**Your objective:** Could you return every record below exactly as it stands, leaving out the pictures?

Stored dataset items:
+ + + + + + +

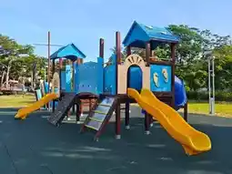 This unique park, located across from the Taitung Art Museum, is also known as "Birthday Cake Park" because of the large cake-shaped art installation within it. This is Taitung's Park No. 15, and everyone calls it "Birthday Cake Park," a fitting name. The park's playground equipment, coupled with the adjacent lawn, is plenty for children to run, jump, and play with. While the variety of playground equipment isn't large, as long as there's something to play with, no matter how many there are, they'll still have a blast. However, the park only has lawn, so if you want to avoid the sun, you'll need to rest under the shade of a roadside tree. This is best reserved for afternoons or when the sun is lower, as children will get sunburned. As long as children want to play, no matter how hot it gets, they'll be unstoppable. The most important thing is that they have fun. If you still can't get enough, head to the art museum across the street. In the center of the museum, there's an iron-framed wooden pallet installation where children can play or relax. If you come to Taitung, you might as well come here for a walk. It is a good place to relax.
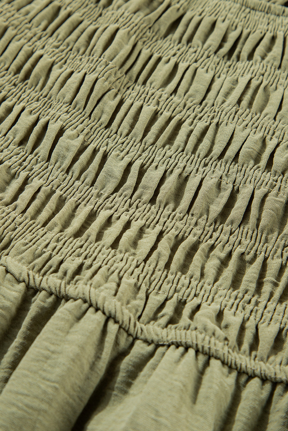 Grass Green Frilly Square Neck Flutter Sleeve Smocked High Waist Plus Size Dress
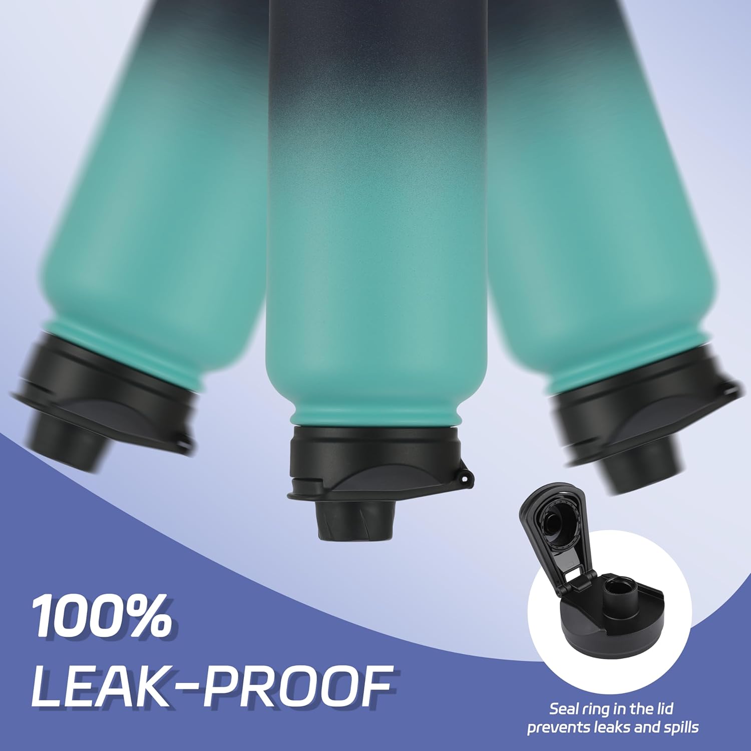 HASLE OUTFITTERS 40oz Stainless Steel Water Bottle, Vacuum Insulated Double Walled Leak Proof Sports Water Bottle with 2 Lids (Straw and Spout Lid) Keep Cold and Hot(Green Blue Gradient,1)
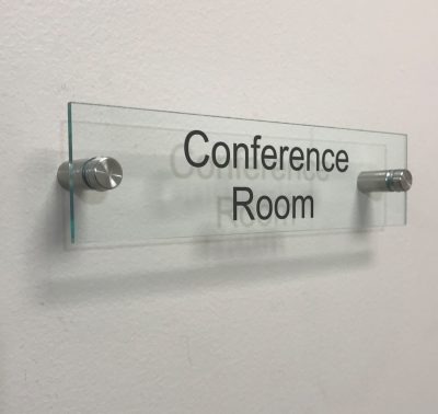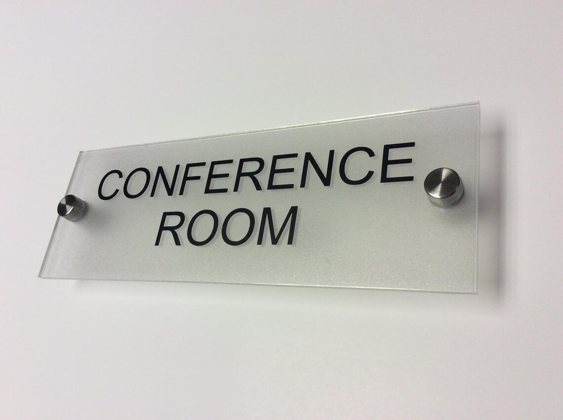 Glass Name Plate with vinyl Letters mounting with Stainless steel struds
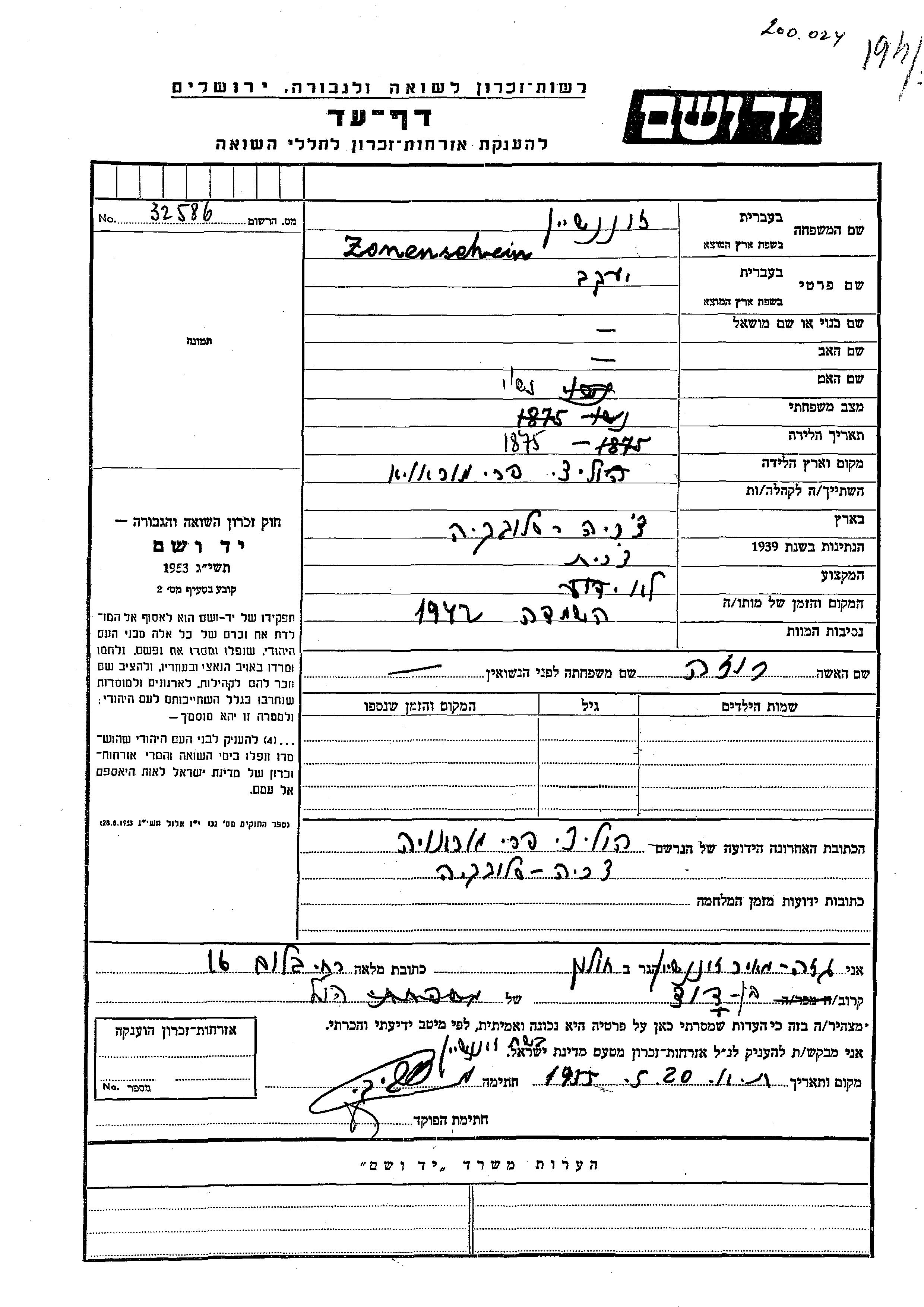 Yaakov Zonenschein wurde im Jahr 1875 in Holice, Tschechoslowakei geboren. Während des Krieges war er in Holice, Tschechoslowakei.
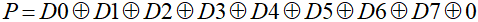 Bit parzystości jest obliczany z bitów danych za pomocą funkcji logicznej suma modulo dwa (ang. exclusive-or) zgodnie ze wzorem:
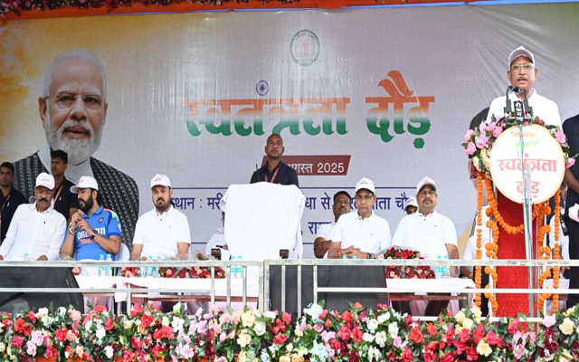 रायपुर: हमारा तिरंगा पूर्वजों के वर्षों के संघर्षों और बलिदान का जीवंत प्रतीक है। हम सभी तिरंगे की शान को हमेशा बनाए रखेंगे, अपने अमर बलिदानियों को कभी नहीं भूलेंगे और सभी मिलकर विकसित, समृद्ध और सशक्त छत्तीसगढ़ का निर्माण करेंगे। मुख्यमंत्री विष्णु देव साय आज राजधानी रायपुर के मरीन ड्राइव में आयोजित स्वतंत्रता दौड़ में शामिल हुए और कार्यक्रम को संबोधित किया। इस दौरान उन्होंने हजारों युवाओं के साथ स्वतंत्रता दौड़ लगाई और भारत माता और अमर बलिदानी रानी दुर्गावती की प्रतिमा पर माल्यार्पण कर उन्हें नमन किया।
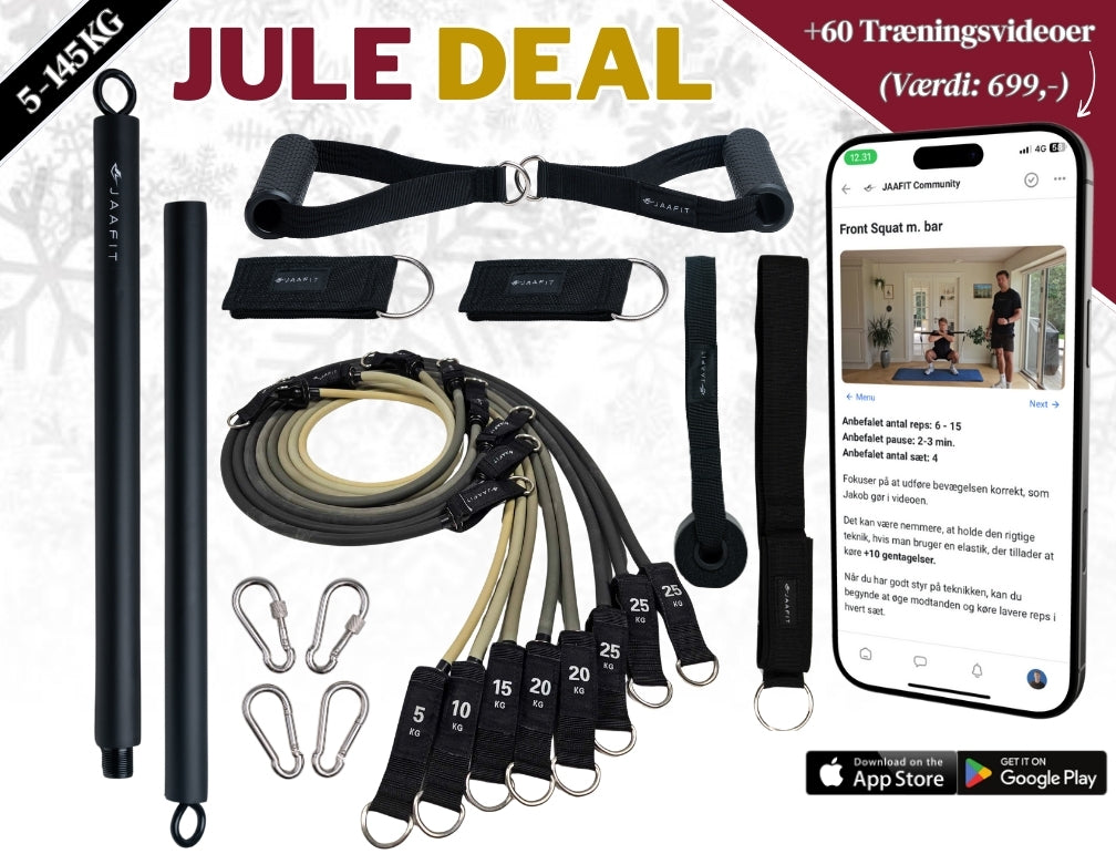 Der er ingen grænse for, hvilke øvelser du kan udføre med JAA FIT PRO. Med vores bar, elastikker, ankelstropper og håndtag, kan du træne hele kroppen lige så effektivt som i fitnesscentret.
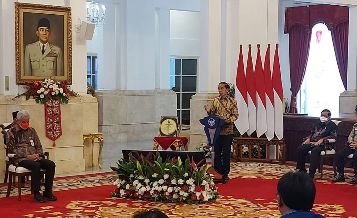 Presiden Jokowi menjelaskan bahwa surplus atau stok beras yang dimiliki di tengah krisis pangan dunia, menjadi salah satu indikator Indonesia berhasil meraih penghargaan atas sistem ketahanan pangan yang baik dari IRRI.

+ + + + + + +

**The answer:**
 This unique park, located across from the Taitung Art Museum, is also known as "Birthday Cake Park" because of the large cake-shaped art installation within it. This is Taitung's Park No. 15, and everyone calls it "Birthday Cake Park," a fitting name. The park's playground equipment, coupled with the adjacent lawn, is plenty for children to run, jump, and play with. While the variety of playground equipment isn't large, as long as there's something to play with, no matter how many there are, they'll still have a blast. However, the park only has lawn, so if you want to avoid the sun, you'll need to rest under the shade of a roadside tree. This is best reserved for afternoons or when the sun is lower, as children will get sunburned. As long as children want to play, no matter how hot it gets, they'll be unstoppable. The most important thing is that they have fun. If you still can't get enough, head to the art museum across the street. In the center of the museum, there's an iron-framed wooden pallet installation where children can play or relax. If you come to Taitung, you might as well come here for a walk. It is a good place to relax.
 Grass Green Frilly Square Neck Flutter Sleeve Smocked High Waist Plus Size Dress
 HASLE OUTFITTERS 40oz Stainless Steel Water Bottle, Vacuum Insulated Double Walled Leak Proof Sports Water Bottle with 2 Lids (Straw and Spout Lid) Keep Cold and Hot(Green Blue Gradient,1)
 Glass Name Plate with vinyl Letters mounting with Stainless steel struds
 Yaakov Zonenschein wurde im Jahr 1875 in Holice, Tschechoslowakei geboren. Während des Krieges war er in Holice, Tschechoslowakei.
 Bit parzystości jest obliczany z bitów danych za pomocą funkcji logicznej suma modulo dwa (ang. exclusive-or) zgodnie ze wzorem:
 रायपुर: हमारा तिरंगा पूर्वजों के वर्षों के संघर्षों और बलिदान का जीवंत प्रतीक है। हम सभी तिरंगे की शान को हमेशा बनाए रखेंगे, अपने अमर बलिदानियों को कभी नहीं भूलेंगे और सभी मिलकर विकसित, समृद्ध और सशक्त छत्तीसगढ़ का निर्माण करेंगे। मुख्यमंत्री विष्णु देव साय आज राजधानी रायपुर के मरीन ड्राइव में आयोजित स्वतंत्रता दौड़ में शामिल हुए और कार्यक्रम को संबोधित किया। इस दौरान उन्होंने हजारों युवाओं के साथ स्वतंत्रता दौड़ लगाई और भारत माता और अमर बलिदानी रानी दुर्गावती की प्रतिमा पर माल्यार्पण कर उन्हें नमन किया।
 Der er ingen grænse for, hvilke øvelser du kan udføre med JAA FIT PRO. Med vores bar, elastikker, ankelstropper og håndtag, kan du træne hele kroppen lige så effektivt som i fitnesscentret.
 Presiden Jokowi menjelaskan bahwa surplus atau stok beras yang dimiliki di tengah krisis pangan dunia, menjadi salah satu indikator Indonesia berhasil meraih penghargaan atas sistem ketahanan pangan yang baik dari IRRI.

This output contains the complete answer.